Some senators have owned up to the bad process. Sen. Claire McCaskill (D-MO), who’s spent much of the year investigating opioid companies, proposed a bill to repeal the Ensuring Patient Access and Effective Drug Enforcement Act shortly after the report by the Post and 60 Minutes. Her office was not directly involved in the original law’s passage. But she said in a statement, “All of us were in a position to catch this and none of us did — which is why I’m so motivated to repeal this law and ensure the DEA has every possible tool to crack down on bad actors.”
The law will make combating the opioid epidemic a bit harder
The end result is the federal government passed a law that stripped the DEA of its power to go after irresponsible opioid companies at the height of a drug overdose epidemic that these companies helped cause — an epidemic that now kills tens of thousands a year.
The law raised the burden of proof required for the DEA to freeze shipments of opioids it deems suspicious. DEA Chief Administrative Law Judge John Mulrooney described the effect in an upcoming law review article: “If it had been the intent of Congress to completely eliminate the DEA’s ability to ever impose an immediate suspension on distributors or manufacturers, it would be difficult to conceive of a more effective vehicle for achieving that goal.”
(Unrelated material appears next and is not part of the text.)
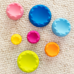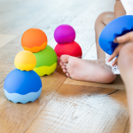 Copiii se distrează stivuind, dărâmând și experimentând cu cele șase piese greutate variată, care se echilibrează, se înșiră perfect și se rotesc dincolo de așteptări.

It also requires the DEA to give drug companies a chance to submit “corrective action” plans and take those plans into account before the agency can sanction them. Mulrooney wrote that this is akin to a law that requires police to “allow bank robbers to round up and return inkstained money and agree not to rob any more banks — all before any of those wrongdoers actually admit fault and without any consequence that might deter such behavior in the future.”
To understand why the DEA feels it needs these types of powers, consider another report from the Charleston Gazette-Mail in West Virginia: It found that from 2007 to 2012, drug firms poured a total of 780 million painkillers into the state — which had a total population of about 1.8 million. The small town of Kermit, West Virginia, had a population of 392, but a single pharmacy there received nearly 9 million hydrocodone pills over two years from out-of-state drug companies.
Critics of the drug industry have argued, convincingly, that opioid distributors should have known these kinds of shipments were not okay. Under federal law, the companies are supposed to report and stop suspicious orders of some drugs, including opioids. Yet they didn’t. And now West Virginia has the worst drug overdose death rate in the country.
Would the DEA have been able to reverse the opioid crisis without the new law? Almost certainly not. The agency acted far too slowly — only going after the industry after this all turned into a full-blown epidemic. And now so many people are suffering in this crisis that the response must focus on providing greater access to addiction treatment, not solely law enforcement action. (More on the solutions to the opioid crisis in Vox’s explainer.)
Based on the Post and 60 Minutes’ reports and Mulrooney’s law review article, though, the DEA would have been able to stop at least some dangerous shipments with the measure and maybe prevent some cases of misuse and addiction. But now the DEA can’t — all because every elected official in federal government, out of inattention, ignorance, or support from the drug industry, let this law go through.